ただし、降雨や水やりの際に葉や茎に泥がつくと病気にかかりやすくなります。地植えの場合は土の表面に敷きわらを施すか、鉢植えの場合は地面ではなく棚やレンガの上に置くと泥はねを防げます。

温度・湿度

パクチーの生育適温は20~25℃前後です。寒さには比較的強いですが、真夏の暑さには弱い性質があります。

基本的には日当たりのよい場所を好みますが、夏に強い日差しが当たると葉が硬くなることがあります。真夏は軒下などに移して日よけをしましょう。

冬は0度前後まで耐えるものの、霜に当たると株が弱ります。地植えのパクチーにはマルチングなどの防寒対策を施すと安心です。鉢植えのものは室内へ移して寒さを防ぎます。

パクチーは水切れに弱くやや湿り気のある土が適していますが、水を与えすぎると根腐れを起こすので注意します。

用土

パクチーはやや湿り気のある環境を好むため、植え付ける用土には水はけと水もちのよい土を使用します。

鉢植えの場合、赤玉土(小粒)5:腐葉土3:バーミキュライト1:堆肥1などの割合でブレンドした土がおすすめです。初心者であれば、ハーブ専用あるいは野菜栽培用の培養土を使用するのが最も簡単です。

地植えの場合は、土壌の酸度が中性~弱酸性になるよう、植え付けの2週間前までに苦土石灰を混ぜて調整しておきます。さらに1週間前までに堆肥や腐葉土などの有機物をすき込んで肥沃な土壌を作りましょう。

パクチーを上手に育てるコツ

水やり

パクチーは水分を好むハーブです。鉢植えの場合は、土の表面が乾燥したらたっぷりと水を与えます。鉢の底から水が流れ出るくらいの量が目安です。

乾燥しやすい夏場は、朝と夕方の2回水やりをします。気温が上がる日中に与えると株が蒸れる可能性があるので避けましょう。

葉や茎に泥がつくと病気にかかりやすくなるので、水やりの際はできるだけ株元に与えて泥はねを防いでください。

地植えのパクチーには基本的に水やりは不要です。晴天が続くなど極度に乾燥している時のみたっぷりと水を与えます。

肥料の与え方

パクチーを植え付ける際には、あらかじめ元肥が施されている培養土を使用するか、土に少量の有機肥料または化成肥料を混ぜておきましょう。

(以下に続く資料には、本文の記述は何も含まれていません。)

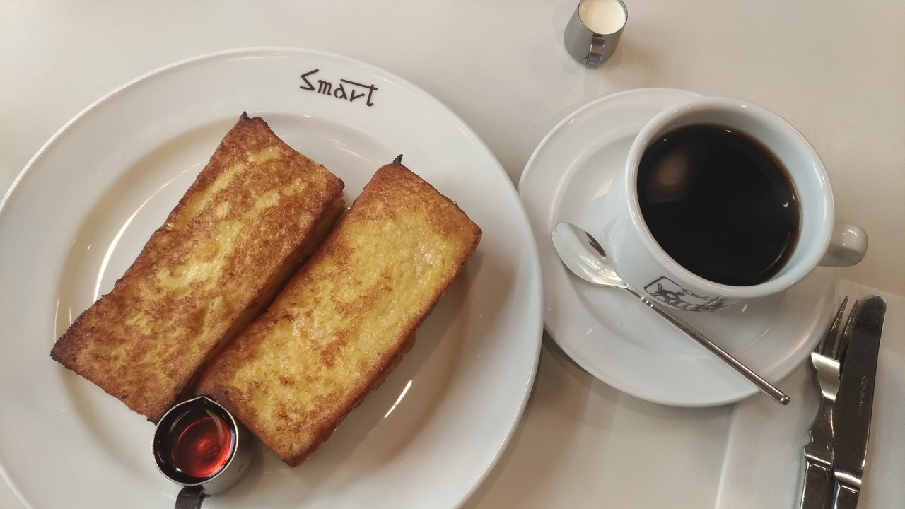 寺町商店街の一角にある老舗の喫茶店。イノダコーヒーよりも古く、1932年の創業だそうです。店頭にあるドイツ製の古いマシンで焙煎しているようなので、お店に入った瞬間から珈琲の匂いが漂っています。外国人や年配の人も多く、老若男女、古今東西問わず愛されているようでした。朝は1Fスペースしかオープンしていないので、9時過ぎにはお店の外まで行列ができていました。
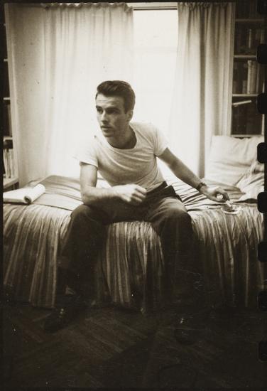 Montgomery Clift - Glamour Boy in Baggy Pants [Montgomery Clift sitting on a bed.]
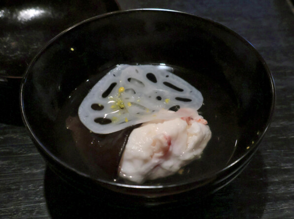 一体何なんだろう、この、ニュートラルなようで、伊勢海老のおいしさを引き立てる、回りのぷるぷるは?と思いつつ食べて、後で種明かししてもらったわけです。
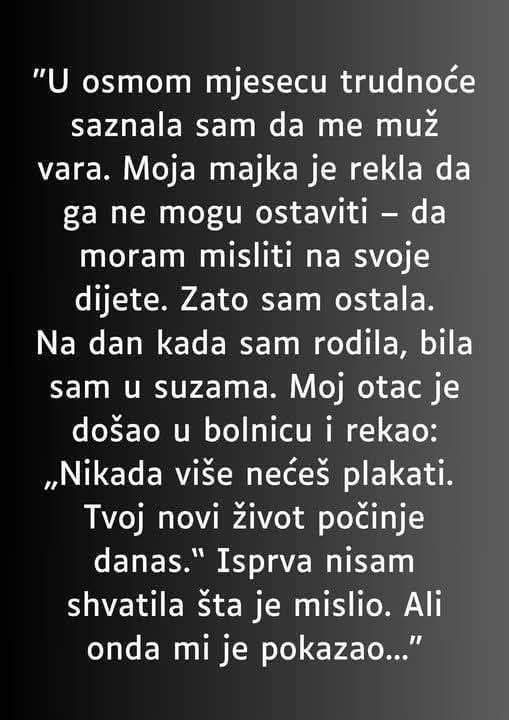 Kada je došao dan porođaja, očekivala je da će njen muž biti uz nju, da će biti podrška, ali umesto toga, bio je hladan i distanciran. Njegove reči su je potpuno slomile: “Da si se više pazila, možda bi sada bilo lakše!” U tom trenutku, ona je samo želela da porođaj što pre prođe, a suze su se slivale niz njeno lice. Umesto nežnosti i ljubavi, od muža je dobijala samo kritike i ravnodušnost. Taj dan nije bio ni približno onome što je zamišljala, niti onome što je trebalo da bude.
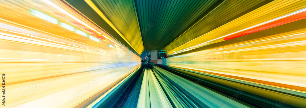 Fotografie Abstract high speed technology POV train motion blurred concept from the Yuikamo
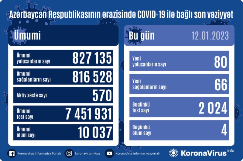 Azərbaycan Respublikasında koronavirus (COVID-19) infeksiyasına 80 yeni yoluxma faktı qeydə alınıb, 66 nəfər müalicə olunaraq sağalıb.
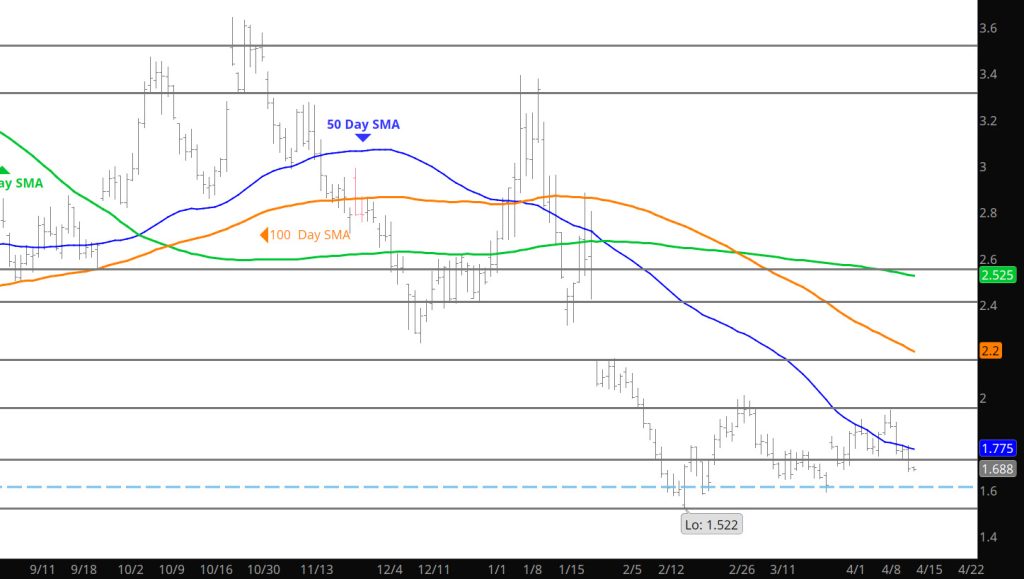 We might be finding some excitement as the prompt May contract is challenging the calendar low for the month. A breakdown may take prices to the support from the previous months expiration lows. It may also close a small gap in the Daily trade. Finally, something to discuss– no bias adjustment in this move.
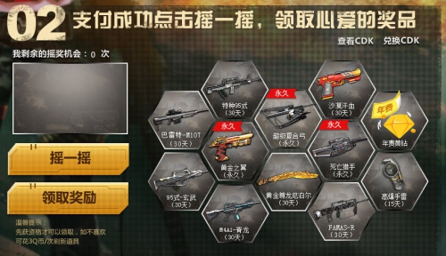 02、支付成功点击摇一摇,领取心爱的奖品黄金之翼、超级复合弓、死亡猎手均在礼包中
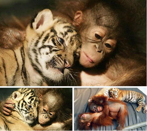 图中5个月大的猩猩和濒临灭绝的苏门答腊幼虎(Sumatran tiger )都被他们的母亲抛弃了。印尼动物医院把这两个小家伙放到了一块。或许是因为同命相怜,它们成了好朋友。图中他们惺惺相惜的表情,让人很心疼,却又会萌生出一种感动。
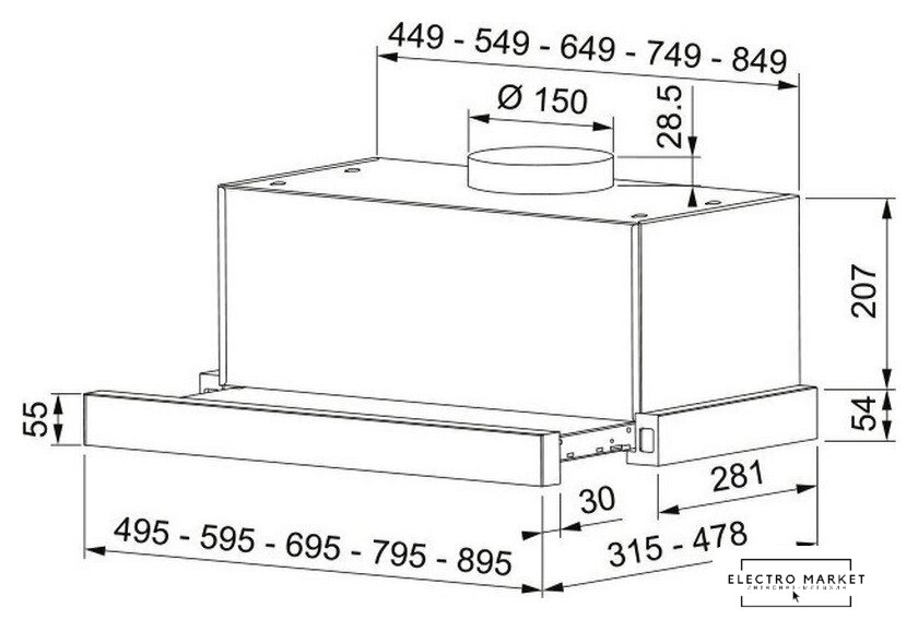 конструкция телескопическая, монтаж для встраивания, ширина 59.8 см, управление механическое/кнопочное, производительность вытяжки 336 м³/ч, производительность мотора 650 м³/ч, цвет серый/черный
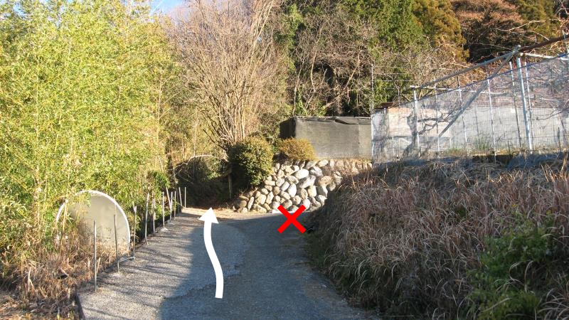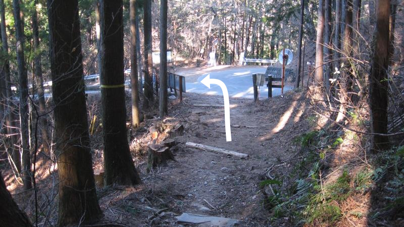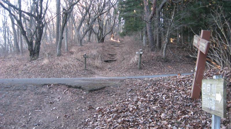 公衆トイレから2分ほど舗装道路上を歩くと直進の道が未舗装の登山道になります。ここは直進し、登山道に入ります。
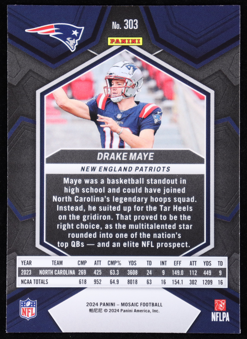 Drake Maye 2024 Panini Mosaic #303 RC

植え付けから葉の収穫まで1か月半~2か月と生育が早いため、地植えの場合、基本的に追肥は不要です。

鉢植えの場合は、水やりで肥料が流れやすいため、固形の緩効性肥料を2か月に1度のペースで追肥するか、規定の濃度に薄めた液体肥料を2週間に1回水やりの代わりに与えてもかまいません。

冬越し

パクチーは寒さに比較的強く、0℃前後まで耐えることができます。

だたし、霜や雪に当たると葉が黒ずんだり凍結によって枯れたりすることがあるので、戸外で冬越しする場合は、腐葉土や敷きわらで株元を覆うなどの防寒対策を施します。鉢植えのパクチーは暖かい室内へ移すと安心です。

特に苗が小さいうちは寒さに弱いので、氷点下が続く寒冷地では秋の種まきを避け、霜や凍結の心配がなくなる3~4月頃の春まきにするとよいでしょう。

パクチーの選び方

パクチーの苗を購入する際は、下葉がしっかりついていて株がぐらぐらしていないものを選びます。

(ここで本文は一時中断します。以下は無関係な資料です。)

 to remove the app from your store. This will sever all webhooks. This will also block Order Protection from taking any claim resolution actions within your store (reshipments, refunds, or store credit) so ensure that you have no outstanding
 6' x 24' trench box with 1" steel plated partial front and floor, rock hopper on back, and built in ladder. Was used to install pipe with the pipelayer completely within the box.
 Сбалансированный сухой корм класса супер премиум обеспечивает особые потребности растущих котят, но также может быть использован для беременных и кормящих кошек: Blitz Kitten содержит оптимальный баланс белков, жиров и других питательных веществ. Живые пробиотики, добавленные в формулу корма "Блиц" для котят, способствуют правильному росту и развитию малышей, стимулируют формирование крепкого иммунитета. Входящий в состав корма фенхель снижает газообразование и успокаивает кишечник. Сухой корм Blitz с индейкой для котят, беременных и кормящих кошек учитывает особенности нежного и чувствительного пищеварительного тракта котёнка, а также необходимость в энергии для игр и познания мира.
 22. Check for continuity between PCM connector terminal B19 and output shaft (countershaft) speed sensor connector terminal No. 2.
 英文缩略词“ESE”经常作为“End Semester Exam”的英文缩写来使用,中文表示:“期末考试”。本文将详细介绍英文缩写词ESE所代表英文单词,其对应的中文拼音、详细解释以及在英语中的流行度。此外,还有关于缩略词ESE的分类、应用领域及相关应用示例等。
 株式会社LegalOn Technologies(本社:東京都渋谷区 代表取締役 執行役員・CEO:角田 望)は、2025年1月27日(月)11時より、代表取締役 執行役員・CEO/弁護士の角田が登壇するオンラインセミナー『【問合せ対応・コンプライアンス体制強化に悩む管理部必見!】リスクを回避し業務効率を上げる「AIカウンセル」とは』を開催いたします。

あまり大きい苗を買うと、葉や茎が硬くなりすぎたり香りが弱くなったりすります。いきいきとした葉のついた小さい苗を選ぶのがおすすめです。

パクチーの増やし方

パクチーは種まきによって数を増やすことができます。

種の採取は花が枯れた後におこないます。葉を収穫する場合は花が咲く前に花芽を摘み取りますが、種を取る場合は花を咲かせて実が熟すのを待ちましょう。

種が茶色く熟したら株ごと刈り取り、新聞紙などに包んで風通しのよい日陰に置き、株全体が茶色くなるまで乾燥させます。

パクチーの種は株の先端についているので手で丁寧に実を摘み取ります。乾燥剤と一緒に密閉容器などに入れ種まきの時期まで保管しましょう。

パクチーの種まきは、春か秋が適しています。種は殻の中に入っているので、種まきの前日に一晩水に浸しておくと発芽しやすくなります。

移植を嫌うため庭や鉢などに直まきするのがおすすめです。ポットで育苗する場合は、本場が4~5枚の頃までに植え付けましょう。

パクチーの植え替え

パクチーは夏になると枯れてしまう一年草なので、基本的には植え替えの必要はありません。

また、パクチーは太い根を地中にまっすぐ伸ばす「直根性」の植物なので、根が一度傷ついてしまうと株に大きなダメージを与えます。

根を掘り起こす移植は根を傷つける可能性が高いため、植え替えはなるべく避けましょう。

種から育てる場合は、植え替えしなくてもいいようにできるだけ庭やプランターに直まきをします。

育苗ポットで苗を育てる時は、大きくなりすぎると根付きが悪くなったり根を痛めやすくなったりするので、本葉が4~5枚になる頃までに植え替えてください。

植え付ける際は株と株の間を20~30cm開け、根鉢と同じ深さに掘った穴に植えましょう。ポットから取り出した苗の根鉢は崩さないようにします。

病気・害虫

パクチーは基本的に病気にかかりにくいハーブですが、栽培環境や管理方法によっては「コリアンダー斑点細菌病」を発症することがあります。

この病気にかかると下葉の縁に小さな黒褐色が現れ、進行すると5mm程度の円形の黒斑が広がります。放置すると葉が枯れてしまうため見つけ次第すぐに取り除きましょう。

土に潜む病原菌が原因となるため、水やりの際には泥が跳ねないよう株元に水を与えてください。土の表面に敷きわらを施すことで泥はねを防止できます。

パクチーに付く害虫にはハダニやアブラムシ、ヨトウムシなどがいます。

アブラムシやハダニは葉や茎に寄生して養分を吸汁し、株を弱らせる害虫です。発見したらすぐに粘着テープを使って取り除くか、水をかけて駆除しましょう。数が多い場合は殺虫剤を吹きかけてください。

ヨトウムシは植物の広範囲に発生し、株を食害に遭わせます。

放っておくと株全体を食い尽くす可能性があるので、なるべく早めに薬剤を使って退治します。卵を見つけたら葉ごと切り取り処分してください。

パクチーの効能や使い方

パクチーにはデトックス作用や消化促進作用があり、食欲を増進させる効果があるとされています。

食べ過ぎた時などにパクチーの種(コリアンダーシード)を使ったハーブティーを飲むと胃がすっきりします。

また、ビタミンB、C、Eやカルシウム、鉄分といった栄養素も豊富に含まれており、美容効果もあるといわれています。抗酸化作用も高く、アンチエイジングも期待できます。

主に料理の香り付けやハーブティーとして利用されますが、精油(エッセンシャルオイル)として芳香浴やマッサージなどに使われることもあります。